Former Anchor Point resident works to help Texans after Hurricane Harvey

Sep 6, 2017

Israel Lopez (left) and Chase McKinney (right).
Credit Courtesy of Chase McKinney

As Hurricane Irma barrels through the Caribbean and onwards to the Southeastern U.S., the relief effort is still underway in Texas after hurricane Harvey devastated Houston. A former Anchor Point resident, who now lives on the southwest corner of the city, spent three days responding to the disaster. Now that the waters have receded, he doesn’t want Alaskans and the rest of the country to forget about the mountain of work left to do.

Chase McKinney grew up in Anchor Point and graduated from Homer High School. He left Alaska to go to college and eventually settled in Houston, where he also brought his love for the outdoors.

McKinney and his friend Israel Lopez recently started an outdoors enthusiast group called Madmen Xtreme, aimed at sharing their passion through videos online.

“We’ve been making these videos, we’ve been going outdoors, we’ve been fishing, we’ve been camping, really just to show people how easy it is,” McKinney explained. “We never thought we were going to get out and save lives when we started it.”

McKinney said when Harvey hit Houston little under two weeks ago, he waited it out for about two days. The Sunday morning after the storm hit, he said his home in a southwestern suburb got by mostly unscathed.

“I wasn’t affected by the flood at all. I’d already been paid forward. So, I just thought I needed to go out and help the people that were in a little more dire straits than I was,” McKinney said. “That’s when I called Israel and I said, ‘Hey, let’s get the boat, let’s get out.’”

After a few hours of driving, going up and down streets just trying to find which roads were passable, both Lopez and McKinney got to their boat and started motoring through neighborhoods.

Chase McKinney and Israel Lopez rescue families in Houston after Hurricane Harvey.
Credit Courtesy of Chase McKinney

McKinney said he was blown away by the community’s response.

“It was all organized by civilians. Civilians organized the boats, civilians organized the checkpoints, civilians organized the shuttles.  Civilians organized where people were going to go in the shelters,” he noted. “It was all done Monday and Tuesday by a gigantic civilian presence.”

Over three days, they pulled about 120 people from their homes all while filming their efforts on a GoPro camera. McKinney uploaded those videos to his Facebook, and people back home in Alaska started asking how they could help. Soon, a crowdsourcing account was set up for donations through GoFundMe.

After about a week of fundraising, they’re about $500 shy of their $3,000 goal. McKinney said all of the funds raised have gone directly towards supplies.
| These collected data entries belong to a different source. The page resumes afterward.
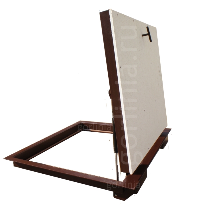 Облегченная модель прямоугольного исполнения без щелей в полу с уведенными за ось открывания петлями. Легкая ходовая часть и удобный монтаж. Комфортный световой проем лаза 750*800 для спуска по лестнице мешков, ящиков, овощей и солений в домашний погреб. При формировании посадочного отверстия обратите внимание, что защитные кожухи шарниров выходят за посадочную отметку по плечевой стороне 900 (см фото).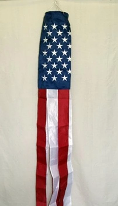 Deluxe USA American flag 60-inch nylon windsock with embroidered white stars.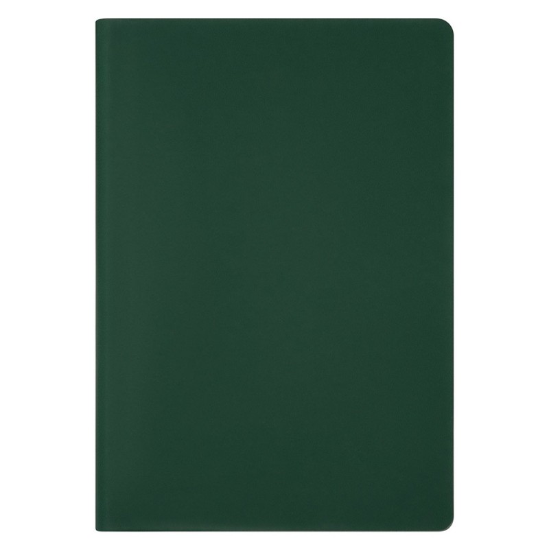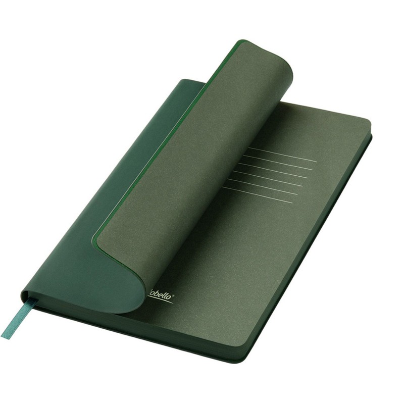 Ежедневник с гибкой обложкой, со скругленными уголками, из мягкого, слегка прорезиненного материала, имитирующего искусственную кожу с эффектом Soft Touch. Цвет обложки – темно-зеленый. Форзац, нахзац и срез в тон обложке. Недатированный блок из шелковистой тонированной бумаги. Атласное темно-бирюзовое ляссе. Ширина закладки 6 мм.

“To the families that need goods or wares or whatever they need, cleaning supplies,” McKinney said of the supplies they’ve purchased with donations. “We’re going to the store and we’re buying those things, and we’re hand delivering that to the people who need it.”

Both McKinney and Lopez say they will continue delivering those supplies and helping Texans put their lives back together so long as the funds keep rolling in.